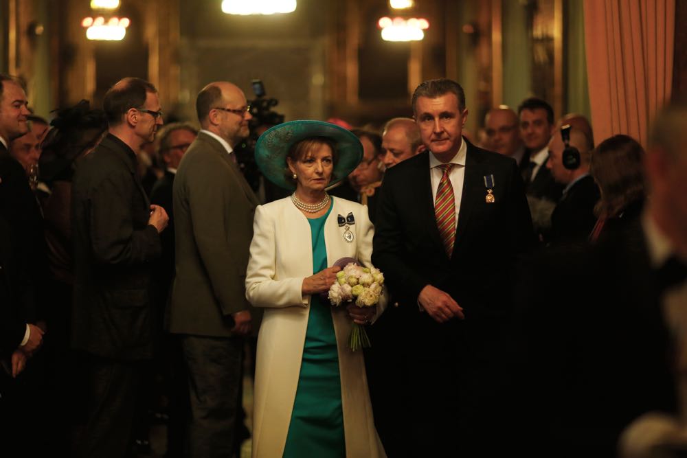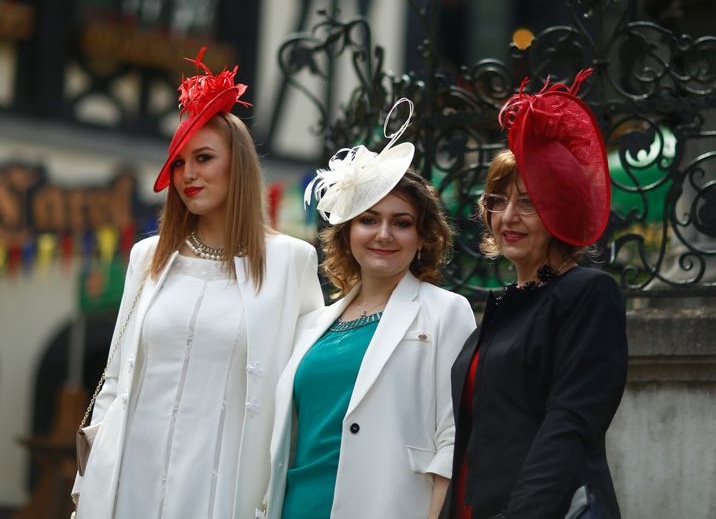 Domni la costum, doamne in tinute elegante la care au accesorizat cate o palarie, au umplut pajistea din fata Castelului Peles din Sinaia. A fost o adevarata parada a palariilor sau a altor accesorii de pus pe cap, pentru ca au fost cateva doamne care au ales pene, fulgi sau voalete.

-------------------------

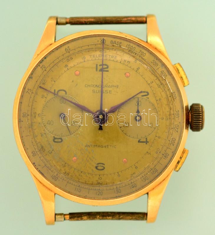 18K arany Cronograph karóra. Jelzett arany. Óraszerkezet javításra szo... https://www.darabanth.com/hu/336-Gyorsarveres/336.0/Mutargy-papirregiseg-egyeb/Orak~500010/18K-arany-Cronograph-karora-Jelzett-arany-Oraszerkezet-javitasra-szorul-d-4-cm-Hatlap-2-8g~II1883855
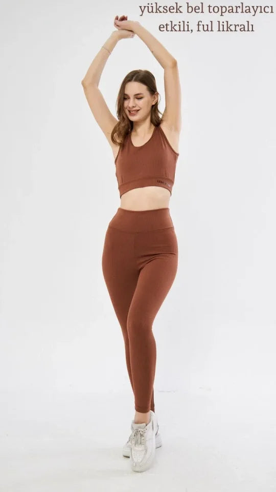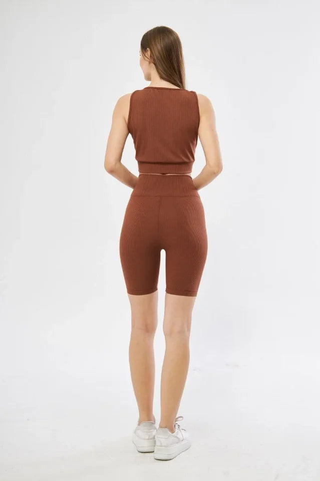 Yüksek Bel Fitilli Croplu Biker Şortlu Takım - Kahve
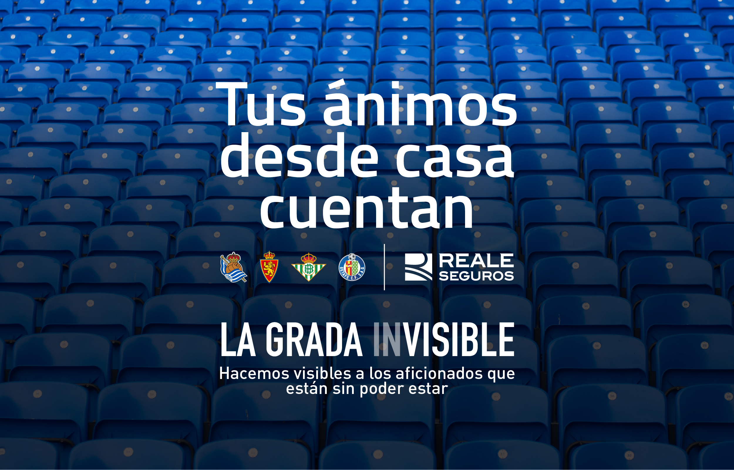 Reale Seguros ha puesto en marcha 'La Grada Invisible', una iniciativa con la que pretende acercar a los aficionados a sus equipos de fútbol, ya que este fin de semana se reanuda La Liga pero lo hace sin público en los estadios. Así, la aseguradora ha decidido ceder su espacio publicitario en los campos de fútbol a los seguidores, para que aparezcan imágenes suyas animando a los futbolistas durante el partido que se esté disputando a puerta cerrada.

-------------------------

▶ _Task details_
Above are the records; copy exactly the lines from the one with "Yüksek Bel Fitilli" through the one with "Reale Seguros ha", including both, and nothing more. Leave out pictures.

▶ _Response to the task_
 Yüksek Bel Fitilli Croplu Biker Şortlu Takım - Kahve
 Reale Seguros ha puesto en marcha 'La Grada Invisible', una iniciativa con la que pretende acercar a los aficionados a sus equipos de fútbol, ya que este fin de semana se reanuda La Liga pero lo hace sin público en los estadios. Así, la aseguradora ha decidido ceder su espacio publicitario en los campos de fútbol a los seguidores, para que aparezcan imágenes suyas animando a los futbolistas durante el partido que se esté disputando a puerta cerrada.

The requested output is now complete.